What you need to do. Repeat exactly the stretch of lines that starts with the one containing "Milagros Yoglismar Pérez" and ends with the last line of the material. Leave out pictures.

(Data provided Opens)

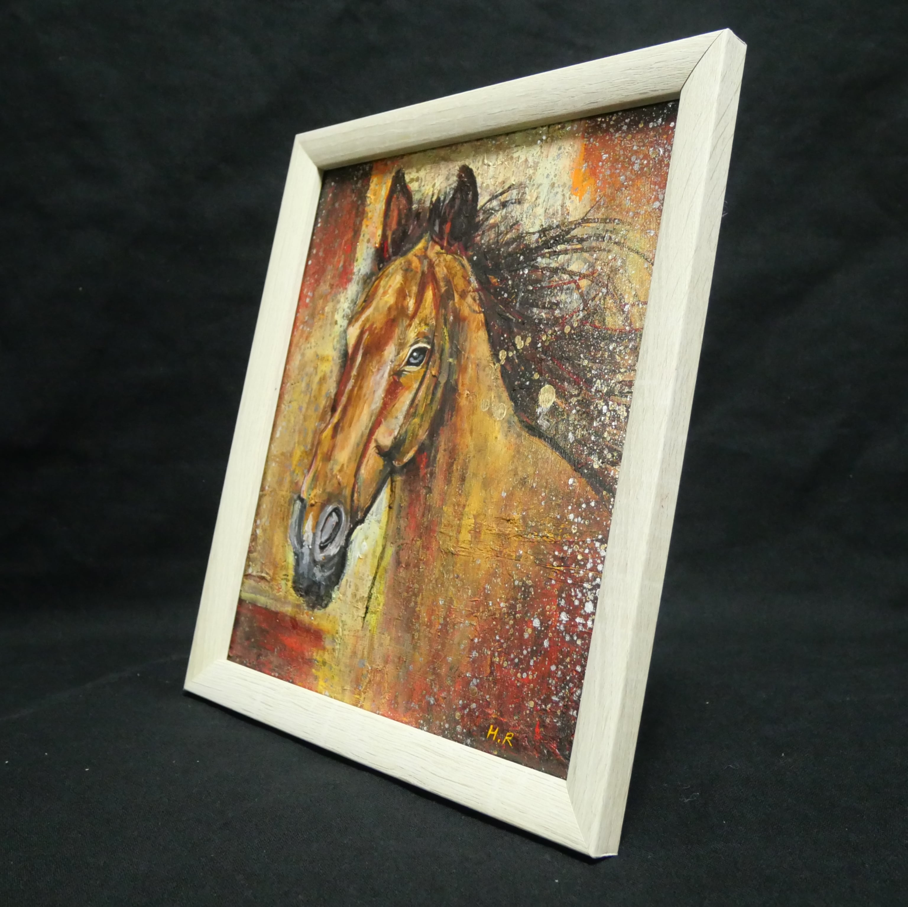 「静かなる王者」は、2026年の午年をテーマにした、馬の肖像画を描いた特別な油絵作品です。この一枚には、力強い躍動感と情熱が表現され、新しいことへの挑戦や大きな飛躍のチャンスがもたらされる縁起の良い年を感じさせます。丙午の「丙」と「午」は「火」の性質を持ち、太陽のように明るくエネルギーに満ちた印象を与え、見る人の心を奮い立たせてくれる特別なアートです。
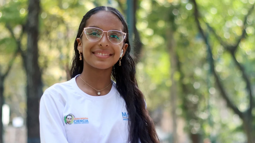 Milagros Yoglismar Pérez Zambrano tiene una estatura pequeña que nada dice de la dimensión de su intelecto, seguridad y autoconfianza. Es como las rosas que crecen en silencio, sin aspavientos, pero en su caso con una formidable energía dirigida a su aspiración de especializarse en robótica. No proyecta una sonrisa fácil: su rostro más bien irradia aplomo y convicción. Una niña consagrada a sus estudios de primer año en el liceo Edoardo Crema de El Paraíso. Su filosofía de vida, de hecho, es que “lo mejor es concentrarse en los estudios, ya que eso es lo que te va a ayudar y a dar frutos a futuro”.
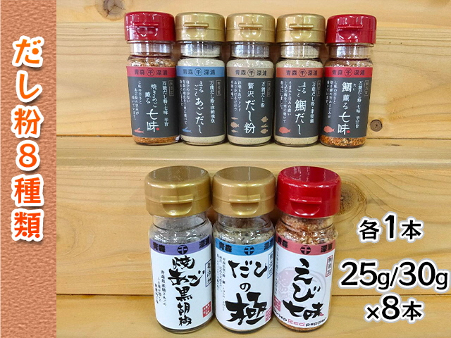 【千畳敷センター】青森県深浦産・無添加だし粉 25g/30g 8本セット【8種類×1本ずつ】

(Data provided Closes)

Answer to the exercise.
 Milagros Yoglismar Pérez Zambrano tiene una estatura pequeña que nada dice de la dimensión de su intelecto, seguridad y autoconfianza. Es como las rosas que crecen en silencio, sin aspavientos, pero en su caso con una formidable energía dirigida a su aspiración de especializarse en robótica. No proyecta una sonrisa fácil: su rostro más bien irradia aplomo y convicción. Una niña consagrada a sus estudios de primer año en el liceo Edoardo Crema de El Paraíso. Su filosofía de vida, de hecho, es que “lo mejor es concentrarse en los estudios, ya que eso es lo que te va a ayudar y a dar frutos a futuro”.
 【千畳敷センター】青森県深浦産・無添加だし粉 25g/30g 8本セット【8種類×1本ずつ】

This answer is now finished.